The traffic did eventually thin out somewhat and after a 35-40 minute drive we arrived at our destination. Our family, excitement renewed, endured the search of our bags and persons and finally entered the grounds of the Ethiopian National Museum. Ethiopian National Museum has a bit of a regal sound to it, doesn’t it? Well its not regal, it looks like something that may have been regal long ago but has been ignored for a long time.  I wanted the Lucy’s home museum to be a beautiful Smithsonian style museum, I should have known that we are in Ethiopia and I should never ever have expectations for anything. I do have to say that the museum did look nicer than many other places in the city and perhaps I should not judge.

 The Hubs and I carried the Stroller up the steps (they don’t have any handicap ramps in Addis) to the museum entrance. I felt my anticipation at seeing Lucy swelling inside of me. We reached the front desk and just as the Hubs asked what the entrance fee was, I saw it.  Written on a plain white sheet of paper, the top part was in Ahmaric and the bottom in English. “The Lucy Exhibit is temporarily closed”. WHAT!!!??? ARE YOU FREAKING KIDDING ME? I traveled for 40 minutes in a non air-conditioned vehicle that is likely to fall apart at any moment with Moe, Larry and Curly and the one thing that I came all this way to see isn’t HERE?  BAH! Ok keep it together. It’s not the end of the world. I live here, right? I can come back at anytime to see Lucy.

Come to find out the reason that Lucy was not at the Museum was because she was being displayed at the African Union building not far away.  This year marks the 50th Anniversary of the African Union and this weekend is the 50th anniversary African Union Summit. This explains why the traffic was so horrendous and the reason that there was no Lucy! Wish that I had realized this a little earlier! If I had I would have avoided this entire episode and opted to visit dear Lucy another weekend, which I have to do now anyway.  
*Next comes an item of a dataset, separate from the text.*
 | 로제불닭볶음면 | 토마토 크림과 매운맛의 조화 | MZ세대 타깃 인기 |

The museum was nice enough. We saw the throne of Haile Selassie. It is enormous, a really big chair for such a small man. We saw some crowns and paintings and crosses. We also saw some authentic Ethiopian farming utensils all the things that you would expect to see in a museum about Ethiopia, except Lucy of course. Apparently I was also a part of the exhibit. In attendance with us at the museum was a group of Chinese gentleman who must have been confused as to what the Ethiopian National Museum was actually about because they began taking pictures of James and myself. They even asked us to smile for their pictures.  Sadly I have to say that this is not the first time that this has happened to me, when visiting the Grand Canyon my children and I are often photographed more than the picturesque canyon we are visiting.
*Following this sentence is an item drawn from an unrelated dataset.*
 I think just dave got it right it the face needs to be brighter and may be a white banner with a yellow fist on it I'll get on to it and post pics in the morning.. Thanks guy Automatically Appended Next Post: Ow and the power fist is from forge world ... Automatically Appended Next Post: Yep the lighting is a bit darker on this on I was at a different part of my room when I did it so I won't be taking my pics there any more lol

Before our departure from the museum building I asked the front desk where the restroom was. I was told that it was in an out building to the back of the museum. I headed over to the building and as I walked inside I noticed that none of the toilets had seats and that there was no water in them. The top part of the toilet tank was missing, it was not filled with water but each toilet had an empty water bottle sitting inside of the tank.  I also saw a large water barrel with a large pitcher next to it sitting near the sink. Oh and there was no toilet paper. I have NO idea what I was supposed to do in there and I decided that I didn’t have to go that bad after all. BAD IDEA! I should have figured it out.

We toured the grounds of the museum with a little boy who spoke surprisingly good English. He said that he lived at the museum with the guards, I’m not sure if that is true or not. He was a pretty good little guide though.  He showed us the first car to come to Ethiopia and some statues and gardens. Then he showed us the tortoises. There were 4 of them, a family. The Dad was 89 years old, the Mom was 86 years old and the children were 66 and 12 years old. He even picked the smallest tortoise up to show Jacob. He had to suddenly take off because his mother showed up with his little brother I chased him down and handed him a few Birr, he didn’t ask for money so we actually gave it to him! 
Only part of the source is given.